--- Records Enclosed Below ---

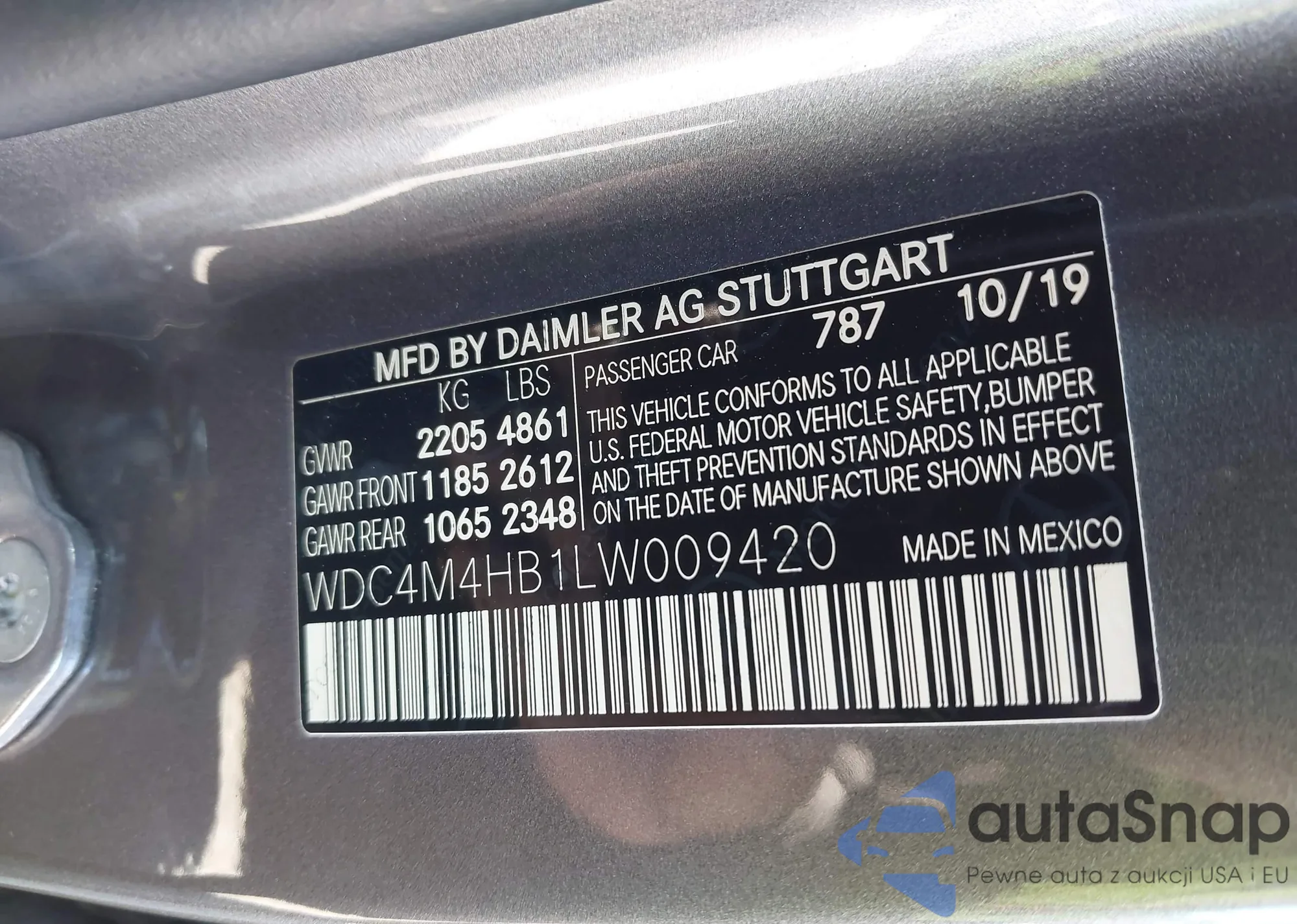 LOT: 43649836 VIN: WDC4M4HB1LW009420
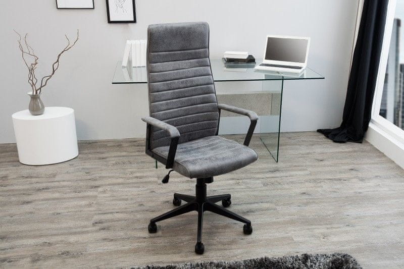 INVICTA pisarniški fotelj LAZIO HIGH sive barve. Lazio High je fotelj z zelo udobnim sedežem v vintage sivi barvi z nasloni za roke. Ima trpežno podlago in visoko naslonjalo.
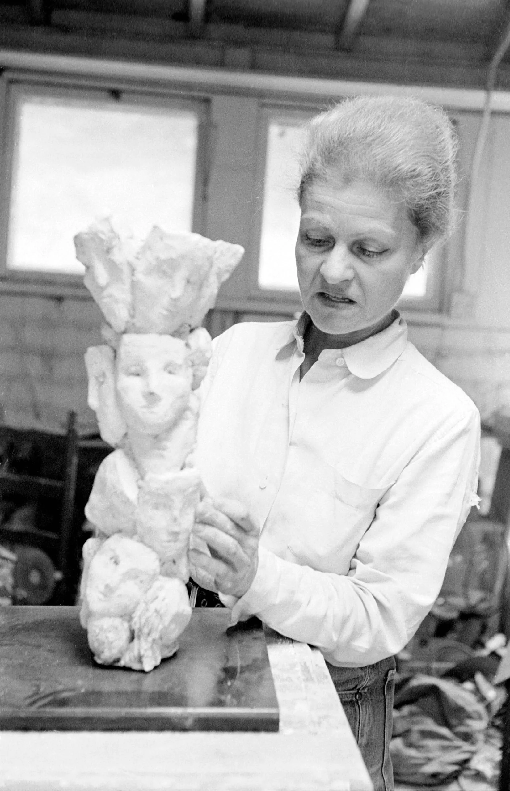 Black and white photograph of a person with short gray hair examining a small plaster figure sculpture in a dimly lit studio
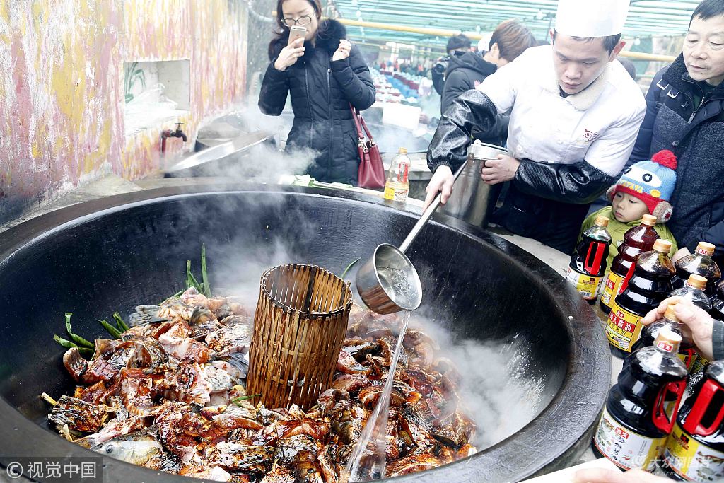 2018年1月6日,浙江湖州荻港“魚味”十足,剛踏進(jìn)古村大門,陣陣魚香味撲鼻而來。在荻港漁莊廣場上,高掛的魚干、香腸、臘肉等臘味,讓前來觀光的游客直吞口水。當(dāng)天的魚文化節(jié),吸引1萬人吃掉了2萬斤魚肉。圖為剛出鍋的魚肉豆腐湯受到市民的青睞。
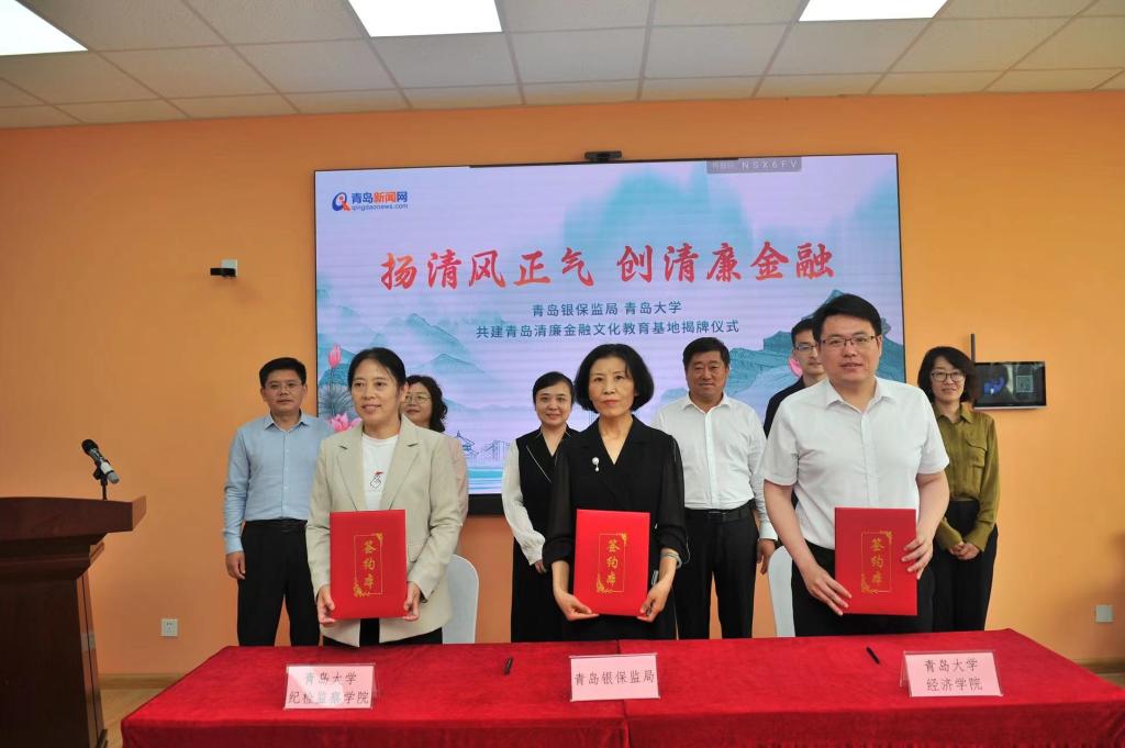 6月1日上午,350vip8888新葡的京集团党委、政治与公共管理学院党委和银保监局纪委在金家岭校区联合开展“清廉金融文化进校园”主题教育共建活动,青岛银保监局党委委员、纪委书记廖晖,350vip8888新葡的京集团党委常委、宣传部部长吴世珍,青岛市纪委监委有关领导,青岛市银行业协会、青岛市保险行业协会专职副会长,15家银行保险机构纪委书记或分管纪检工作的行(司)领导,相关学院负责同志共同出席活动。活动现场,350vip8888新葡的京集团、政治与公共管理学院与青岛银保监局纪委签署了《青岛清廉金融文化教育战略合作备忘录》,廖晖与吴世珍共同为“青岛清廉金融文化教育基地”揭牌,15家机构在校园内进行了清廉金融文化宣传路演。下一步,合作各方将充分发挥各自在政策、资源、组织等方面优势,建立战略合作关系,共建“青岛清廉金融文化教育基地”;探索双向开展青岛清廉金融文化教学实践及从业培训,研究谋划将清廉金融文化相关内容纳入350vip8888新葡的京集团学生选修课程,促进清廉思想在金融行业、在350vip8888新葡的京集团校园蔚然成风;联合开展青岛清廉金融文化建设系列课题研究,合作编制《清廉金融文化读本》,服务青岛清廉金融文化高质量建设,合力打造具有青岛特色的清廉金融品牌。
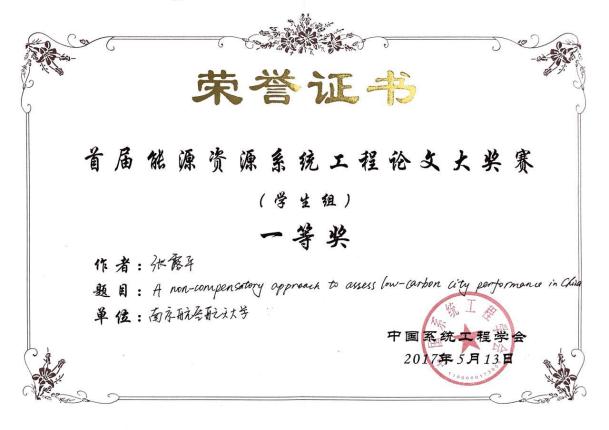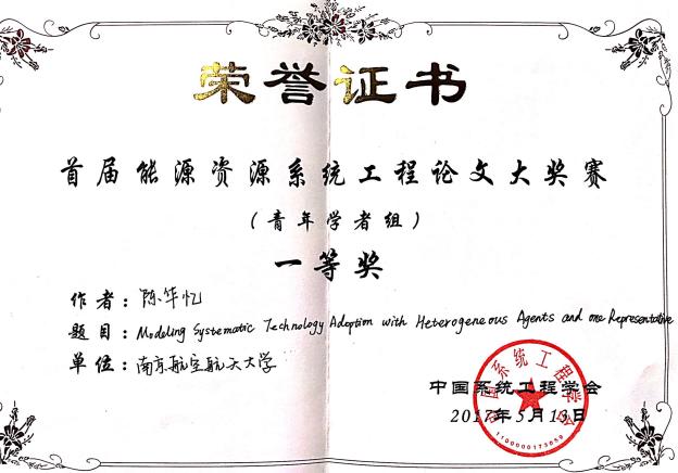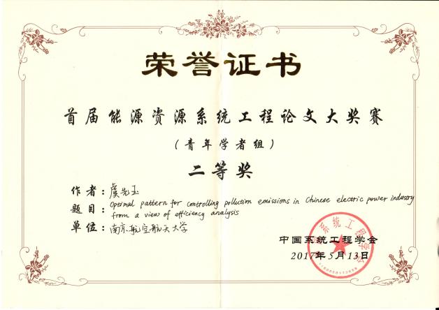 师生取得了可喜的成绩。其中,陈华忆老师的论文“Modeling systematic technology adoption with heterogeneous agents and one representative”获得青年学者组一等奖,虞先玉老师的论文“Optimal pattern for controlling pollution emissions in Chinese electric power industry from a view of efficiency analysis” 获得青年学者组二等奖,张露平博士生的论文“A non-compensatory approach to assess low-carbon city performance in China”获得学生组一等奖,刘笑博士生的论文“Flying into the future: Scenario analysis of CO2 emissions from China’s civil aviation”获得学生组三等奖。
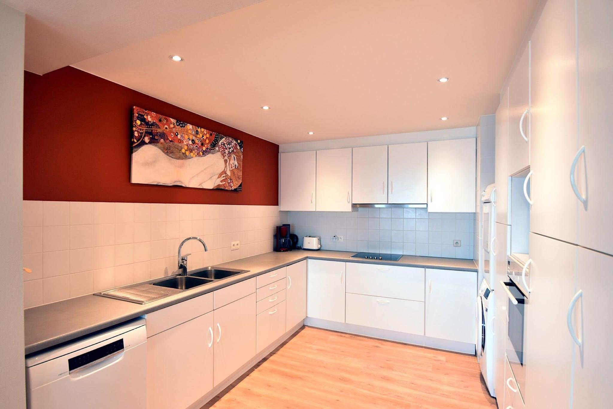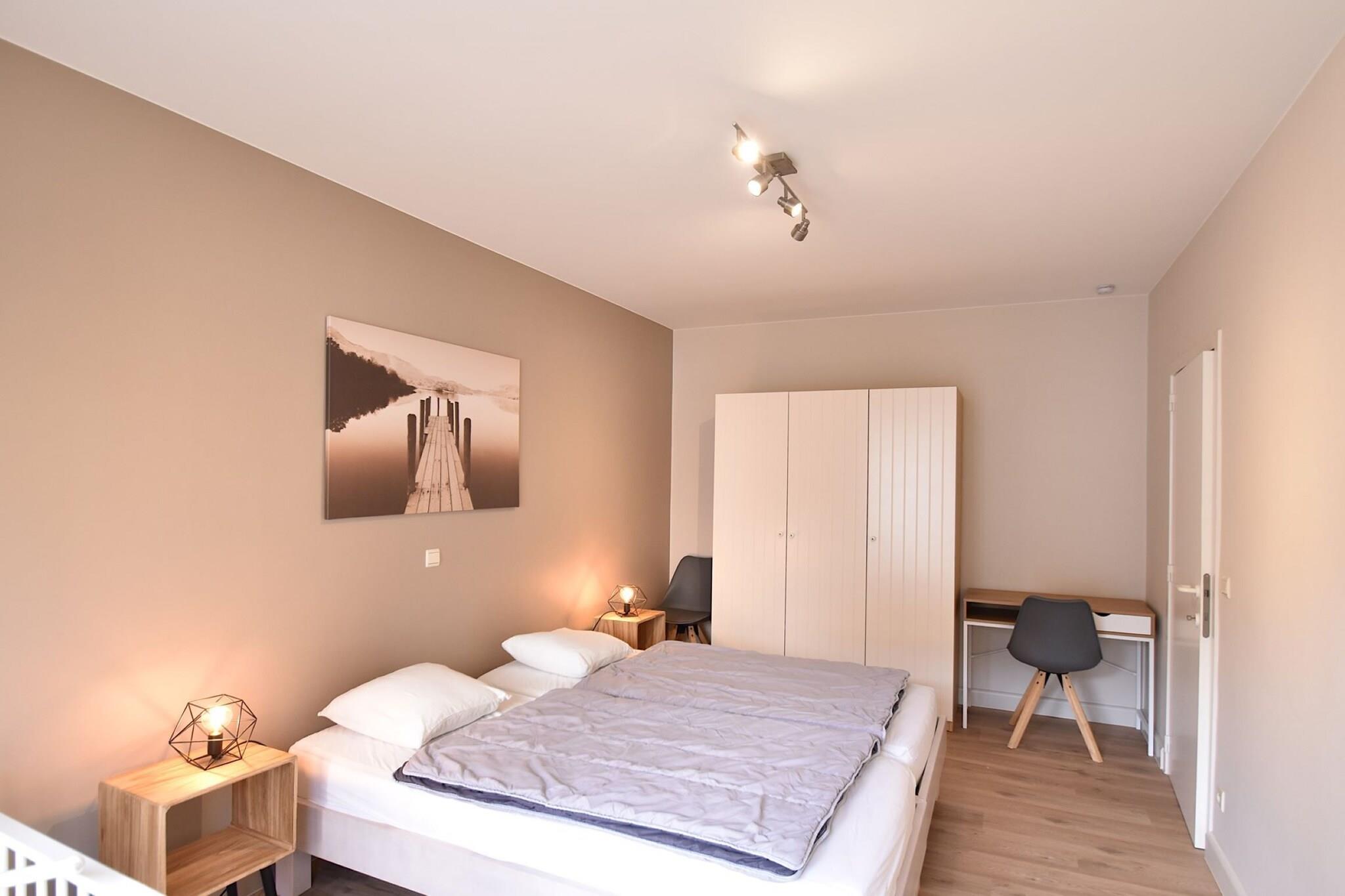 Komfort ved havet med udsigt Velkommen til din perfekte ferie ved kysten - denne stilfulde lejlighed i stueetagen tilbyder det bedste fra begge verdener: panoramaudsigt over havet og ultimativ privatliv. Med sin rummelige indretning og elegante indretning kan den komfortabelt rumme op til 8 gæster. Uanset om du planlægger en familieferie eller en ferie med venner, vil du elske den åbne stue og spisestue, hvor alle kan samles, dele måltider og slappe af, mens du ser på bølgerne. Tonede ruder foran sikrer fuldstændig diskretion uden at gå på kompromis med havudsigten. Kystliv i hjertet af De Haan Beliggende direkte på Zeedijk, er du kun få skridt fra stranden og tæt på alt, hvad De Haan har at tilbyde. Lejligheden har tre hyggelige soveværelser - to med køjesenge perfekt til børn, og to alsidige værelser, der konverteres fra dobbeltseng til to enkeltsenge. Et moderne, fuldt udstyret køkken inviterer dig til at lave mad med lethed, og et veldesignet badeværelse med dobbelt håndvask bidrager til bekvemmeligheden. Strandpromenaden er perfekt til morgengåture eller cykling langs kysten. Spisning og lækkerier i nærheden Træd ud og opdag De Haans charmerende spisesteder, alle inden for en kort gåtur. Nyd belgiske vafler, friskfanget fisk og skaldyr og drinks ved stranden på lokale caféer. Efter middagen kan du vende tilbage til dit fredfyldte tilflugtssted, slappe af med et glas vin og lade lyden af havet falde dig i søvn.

--- End of Enclosed Records ---

* Work instruction *
In your copy, repeat the records above exactly and include no images.

* Answer for the task *
 LOT: 43649836 VIN: WDC4M4HB1LW009420
 INVICTA pisarniški fotelj LAZIO HIGH sive barve. Lazio High je fotelj z zelo udobnim sedežem v vintage sivi barvi z nasloni za roke. Ima trpežno podlago in visoko naslonjalo.
 Black and white photograph of a person with short gray hair examining a small plaster figure sculpture in a dimly lit studio
 2018年1月6日,浙江湖州荻港“魚味”十足,剛踏進(jìn)古村大門,陣陣魚香味撲鼻而來。在荻港漁莊廣場上,高掛的魚干、香腸、臘肉等臘味,讓前來觀光的游客直吞口水。當(dāng)天的魚文化節(jié),吸引1萬人吃掉了2萬斤魚肉。圖為剛出鍋的魚肉豆腐湯受到市民的青睞。
 6月1日上午,350vip8888新葡的京集团党委、政治与公共管理学院党委和银保监局纪委在金家岭校区联合开展“清廉金融文化进校园”主题教育共建活动,青岛银保监局党委委员、纪委书记廖晖,350vip8888新葡的京集团党委常委、宣传部部长吴世珍,青岛市纪委监委有关领导,青岛市银行业协会、青岛市保险行业协会专职副会长,15家银行保险机构纪委书记或分管纪检工作的行(司)领导,相关学院负责同志共同出席活动。活动现场,350vip8888新葡的京集团、政治与公共管理学院与青岛银保监局纪委签署了《青岛清廉金融文化教育战略合作备忘录》,廖晖与吴世珍共同为“青岛清廉金融文化教育基地”揭牌,15家机构在校园内进行了清廉金融文化宣传路演。下一步,合作各方将充分发挥各自在政策、资源、组织等方面优势,建立战略合作关系,共建“青岛清廉金融文化教育基地”;探索双向开展青岛清廉金融文化教学实践及从业培训,研究谋划将清廉金融文化相关内容纳入350vip8888新葡的京集团学生选修课程,促进清廉思想在金融行业、在350vip8888新葡的京集团校园蔚然成风;联合开展青岛清廉金融文化建设系列课题研究,合作编制《清廉金融文化读本》,服务青岛清廉金融文化高质量建设,合力打造具有青岛特色的清廉金融品牌。
 师生取得了可喜的成绩。其中,陈华忆老师的论文“Modeling systematic technology adoption with heterogeneous agents and one representative”获得青年学者组一等奖,虞先玉老师的论文“Optimal pattern for controlling pollution emissions in Chinese electric power industry from a view of efficiency analysis” 获得青年学者组二等奖,张露平博士生的论文“A non-compensatory approach to assess low-carbon city performance in China”获得学生组一等奖,刘笑博士生的论文“Flying into the future: Scenario analysis of CO2 emissions from China’s civil aviation”获得学生组三等奖。
 Komfort ved havet med udsigt Velkommen til din perfekte ferie ved kysten - denne stilfulde lejlighed i stueetagen tilbyder det bedste fra begge verdener: panoramaudsigt over havet og ultimativ privatliv. Med sin rummelige indretning og elegante indretning kan den komfortabelt rumme op til 8 gæster. Uanset om du planlægger en familieferie eller en ferie med venner, vil du elske den åbne stue og spisestue, hvor alle kan samles, dele måltider og slappe af, mens du ser på bølgerne. Tonede ruder foran sikrer fuldstændig diskretion uden at gå på kompromis med havudsigten. Kystliv i hjertet af De Haan Beliggende direkte på Zeedijk, er du kun få skridt fra stranden og tæt på alt, hvad De Haan har at tilbyde. Lejligheden har tre hyggelige soveværelser - to med køjesenge perfekt til børn, og to alsidige værelser, der konverteres fra dobbeltseng til to enkeltsenge. Et moderne, fuldt udstyret køkken inviterer dig til at lave mad med lethed, og et veldesignet badeværelse med dobbelt håndvask bidrager til bekvemmeligheden. Strandpromenaden er perfekt til morgengåture eller cykling langs kysten. Spisning og lækkerier i nærheden Træd ud og opdag De Haans charmerende spisesteder, alle inden for en kort gåtur. Nyd belgiske vafler, friskfanget fisk og skaldyr og drinks ved stranden på lokale caféer. Efter middagen kan du vende tilbage til dit fredfyldte tilflugtssted, slappe af med et glas vin og lade lyden af havet falde dig i søvn.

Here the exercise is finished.